_What is needed_: Please repeat word for word the line containing "Стрекозы (1-е скл.)." and every following line up to and including the last one below, pictures excluded.

_Dataset section_:
-*-*-
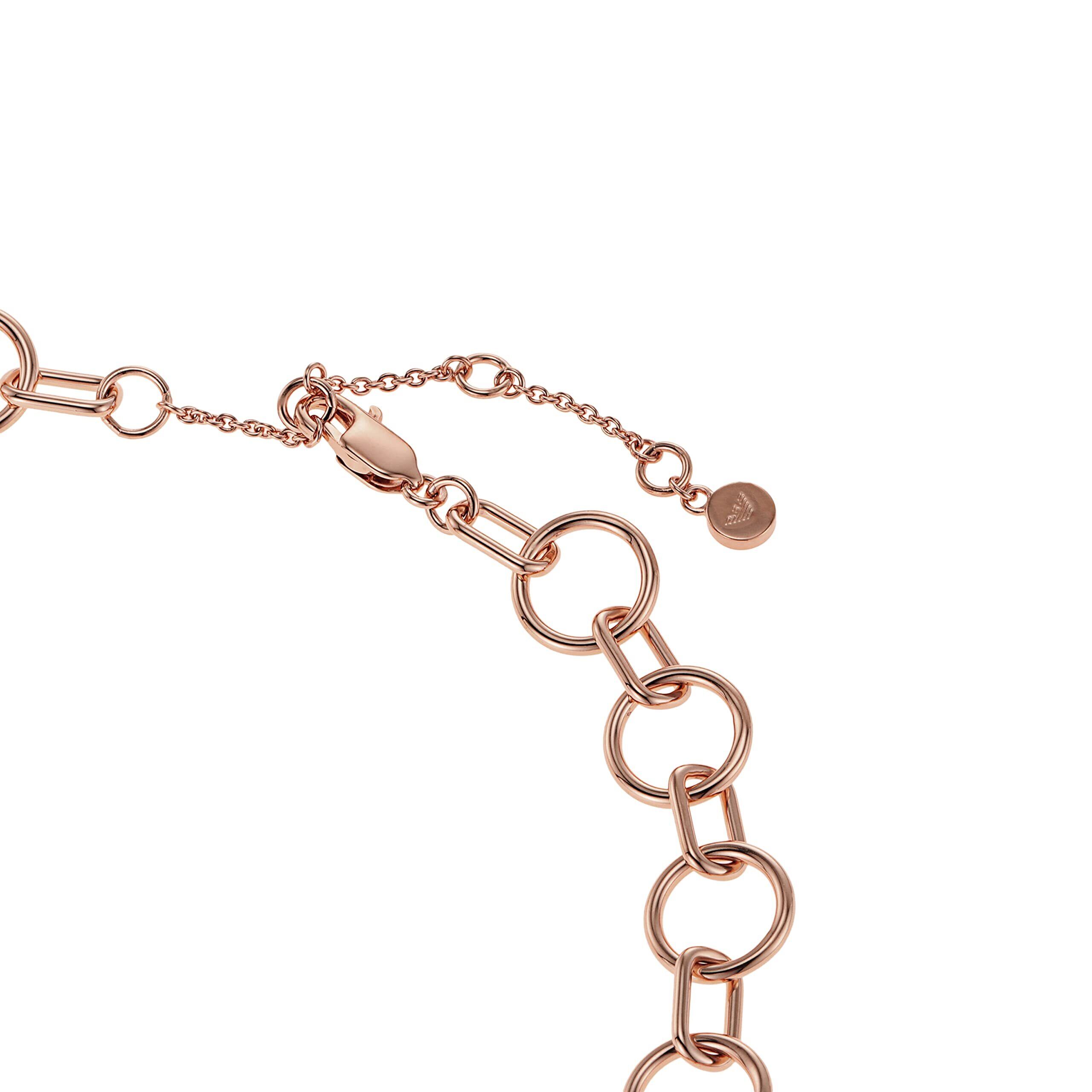 クラシカルなチェーンにイーグルロゴのパーツを連ねたスターリングシルバー製ネックレス。ローズゴールドトーンにグリッツが映える。
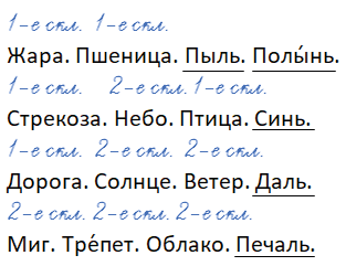 Стрекозы (1-е скл.). Небо (2-е скл.). Птица (1-е скл.). Синь.
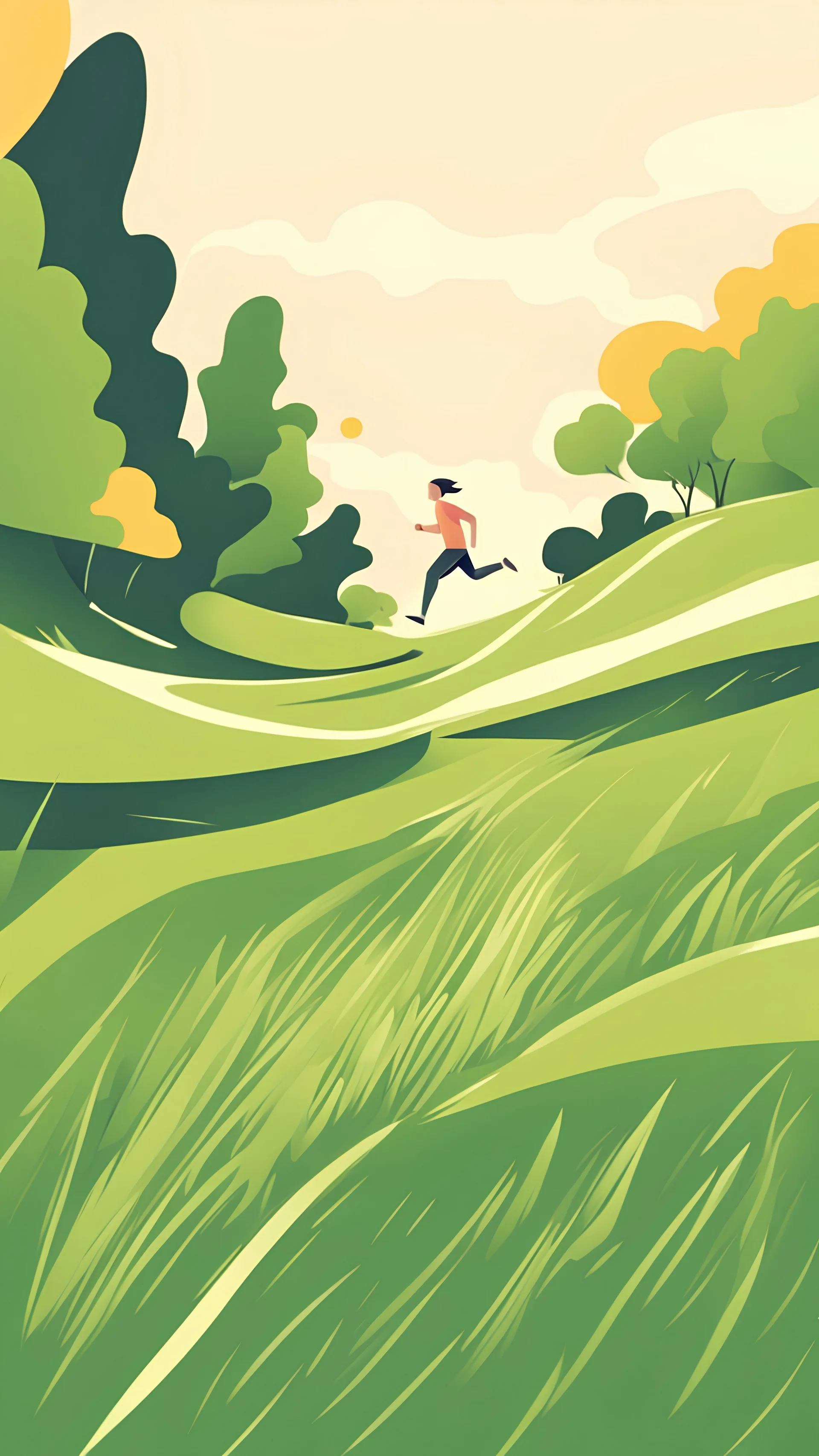 A person running in a place on the ground of grass, an optimistic image in Abstract style
-*-*-
_Task result_:
 Стрекозы (1-е скл.). Небо (2-е скл.). Птица (1-е скл.). Синь.
 A person running in a place on the ground of grass, an optimistic image in Abstract style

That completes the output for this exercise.